Draymond Green did not wait for the Knicks to lift the trophy before admitting Jalen Brunson had proved him wrong.
After New York’s Game 4 win over the Spurs put them one victory from a title, Green spoke directly to Brunson on Inside the NBA.
The apology carried weight because Green has been one of the loudest skeptics of both Brunson and the Knicks’ ceiling.
Draymond Green apologizes to Jalen Brunson directly
Green had previously echoed Becky Hammon’s point that Brunson’s size made it hard to see him leading a team to a championship, then challenged him to “prove me wrong.”
He had also recently walked back his old take that Knicks fans were headed for “15 years of misery,” a prediction this Finals run has buried.
“I’ll tell you now because I want to tell you to your face. Then I’ll also say it publicly after, but I wanted to apologize in one game. I’ll tell you to your face right now, ‘I’m sorry,’ and then I’ll say it after you go and get your ring. I apologize.”
Jalen Brunson keeps answering Knicks doubts
Brunson has spent four years turning those doubts into background noise. Since joining the Knicks in 2022, he has taken the team from hopeful relevance to one win from its first championship since 1973.
Through four Finals games, Brunson is averaging 29.5 points, 4.5 rebounds, and five assists, including 36 points, seven assists, five rebounds, and three steals in Game 4.
He has been the betting favorite at points in the series, and even if the award race has tightened, the old “not a No. 1 option” argument looks outdated now.

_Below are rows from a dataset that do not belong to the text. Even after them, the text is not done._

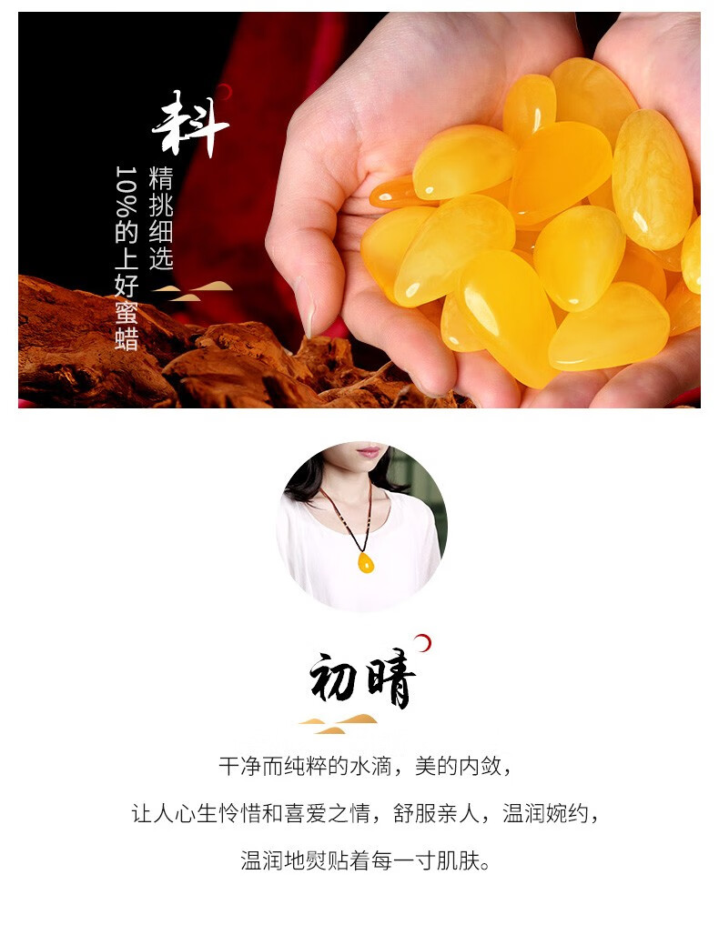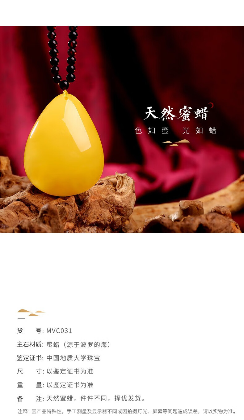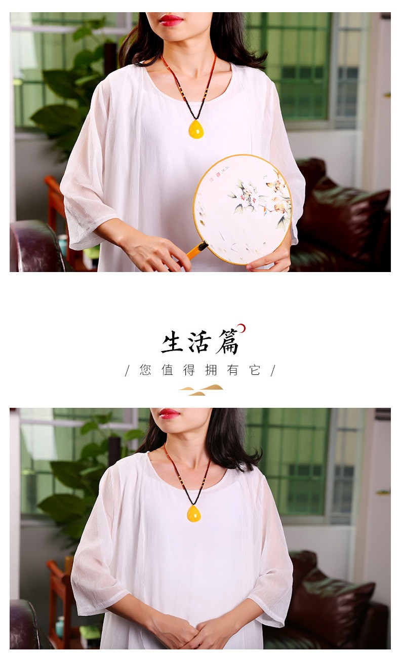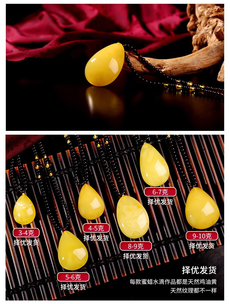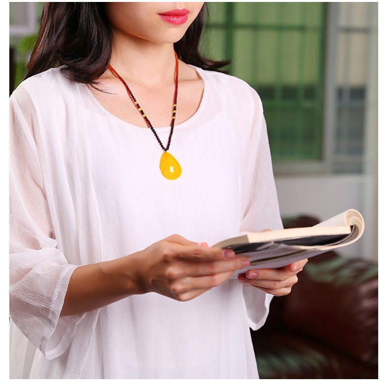 MUJUE beeswax pendant, amber chicken fat yellow water drop pendant for women, weighs about 8-9 grams, weighs about 8-9 grams, exquisite rainbow chain
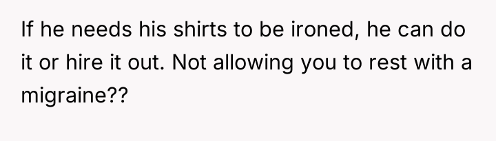 While the OP's physical and emotional state provided context for the explosion of frustration, immediately demanding separation and involving family to enforce it was an extreme measure. A more constructive approach would have involved clearly communicating the non-negotiable nature of health-related accommodations (like quiet during a migraine) beforehand, perhaps establishing clear chore agreements that include consequences other than immediate eviction. Future success requires direct, calm communication about the impact of his inaction on the pregnancy, rather than escalating to crises management.
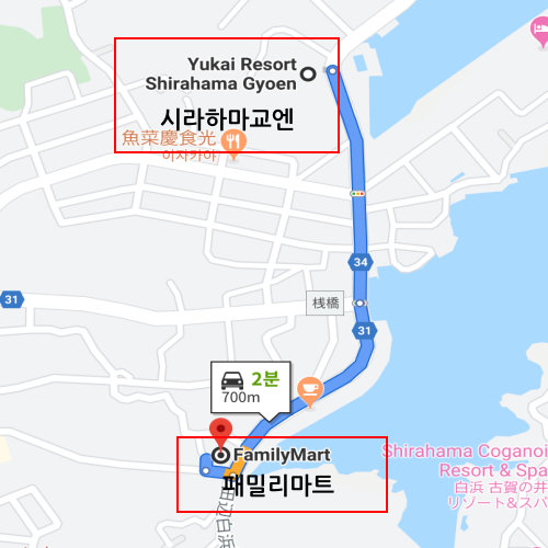 | 시설 주변 정보 | ★ 편의점 세븐일레븐 아리마온센점 (ファミリーマート白浜垣谷店) : 차로 약 2분 소요. - 영업시간 ; 24시간 - 전화번호 : 0739-82-3848 |

Jalen Brunson might still lose Finals MVP
Strangely, Brunson could still miss out on Finals MVP. Karl-Anthony Towns has an outside case at 15.8 points, 10.8 rebounds, and 2.8 assists per game, but OG Anunoby is the bigger threat.
Anunoby is averaging 23.8 points and four rebounds, has made 15 Finals threes, and delivered the defining Game 4 sequence with a block on De’Aaron Fox and a tip-in winner with 1.2 seconds left.
That award race does not change the Knicks’ pecking order. Brunson’s 30.3 percent usage profile reflects the truth: New York’s offense still runs through him, and his pressure is what puts Anunoby, Towns, and everyone else in position to succeed.
Green apologized before the job was finished. Brunson’s answer has been the entire playoff run.